• [Requirement]:
Within the listing below, give again exactly the lines between the one containing "Выключатель одноклавишный проходной" and the one containing "1月18日上午,記者操控?z", inclusive, pictures left aside.
___ Records ___
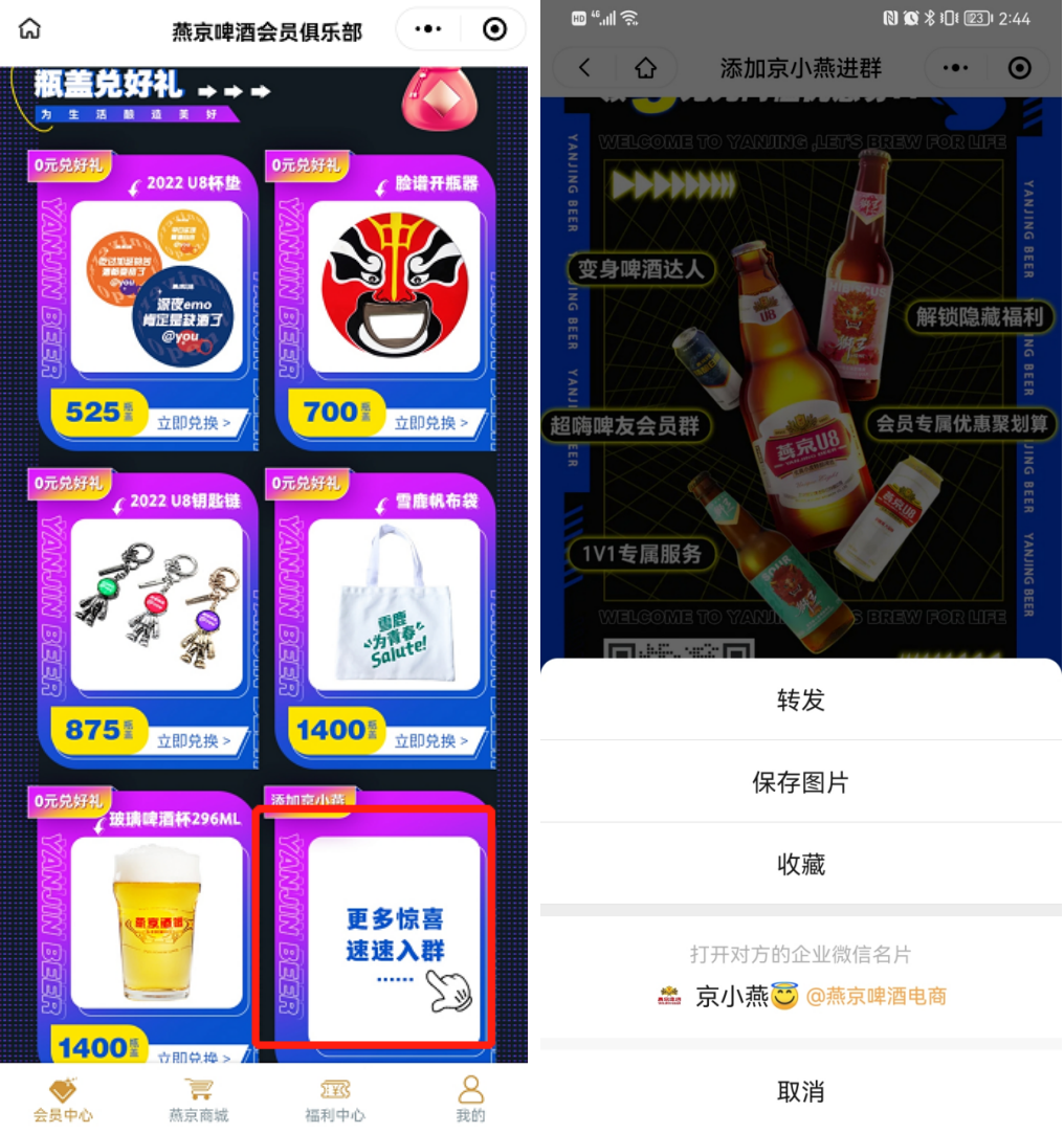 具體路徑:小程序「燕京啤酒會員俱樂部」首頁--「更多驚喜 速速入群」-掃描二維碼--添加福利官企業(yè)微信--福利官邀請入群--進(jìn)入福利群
___
___ Records ___
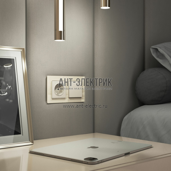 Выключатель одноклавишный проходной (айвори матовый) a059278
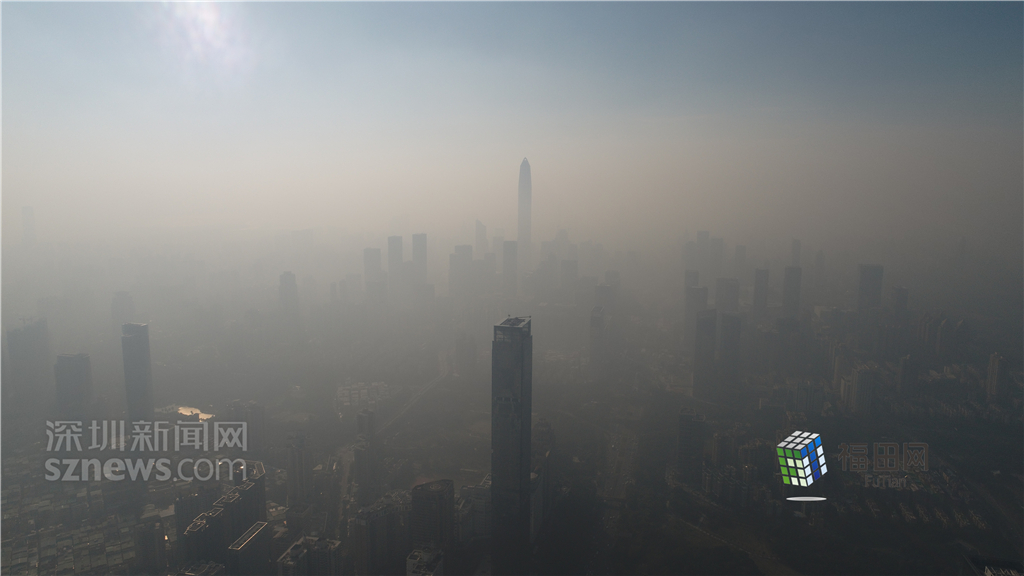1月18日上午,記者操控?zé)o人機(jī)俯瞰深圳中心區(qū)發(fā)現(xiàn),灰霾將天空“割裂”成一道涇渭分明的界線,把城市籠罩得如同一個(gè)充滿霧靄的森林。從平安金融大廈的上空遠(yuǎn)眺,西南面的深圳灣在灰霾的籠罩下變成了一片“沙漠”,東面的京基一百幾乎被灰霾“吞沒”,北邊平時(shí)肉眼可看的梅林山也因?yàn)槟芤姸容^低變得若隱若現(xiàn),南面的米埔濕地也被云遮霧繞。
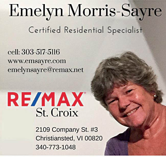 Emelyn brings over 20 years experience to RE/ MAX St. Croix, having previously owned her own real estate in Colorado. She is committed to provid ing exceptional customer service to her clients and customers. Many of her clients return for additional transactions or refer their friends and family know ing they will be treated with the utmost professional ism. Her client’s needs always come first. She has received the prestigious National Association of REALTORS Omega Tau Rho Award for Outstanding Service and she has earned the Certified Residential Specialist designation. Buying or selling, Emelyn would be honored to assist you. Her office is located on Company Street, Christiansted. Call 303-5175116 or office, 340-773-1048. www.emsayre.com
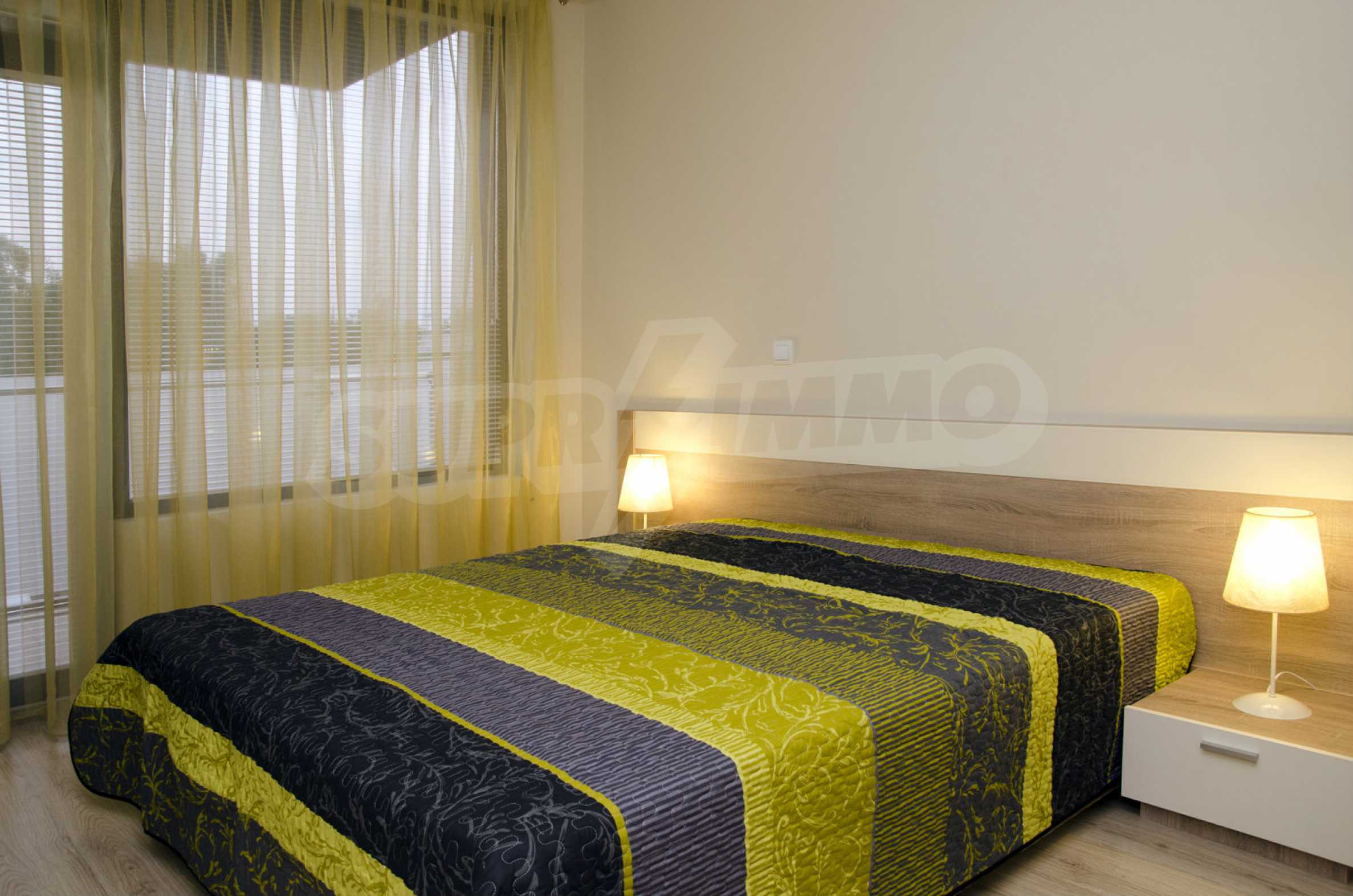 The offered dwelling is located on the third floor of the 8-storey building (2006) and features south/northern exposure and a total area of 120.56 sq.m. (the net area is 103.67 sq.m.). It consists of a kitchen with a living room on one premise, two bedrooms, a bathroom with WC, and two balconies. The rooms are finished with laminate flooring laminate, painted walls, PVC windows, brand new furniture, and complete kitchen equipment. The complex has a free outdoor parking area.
___
• [Solution to this exercise]:
 Выключатель одноклавишный проходной (айвори матовый) a059278
1月18日上午,記者操控?zé)o人機(jī)俯瞰深圳中心區(qū)發(fā)現(xiàn),灰霾將天空“割裂”成一道涇渭分明的界線,把城市籠罩得如同一個(gè)充滿霧靄的森林。從平安金融大廈的上空遠(yuǎn)眺,西南面的深圳灣在灰霾的籠罩下變成了一片“沙漠”,東面的京基一百幾乎被灰霾“吞沒”,北邊平時(shí)肉眼可看的梅林山也因?yàn)槟芤姸容^低變得若隱若現(xiàn),南面的米埔濕地也被云遮霧繞。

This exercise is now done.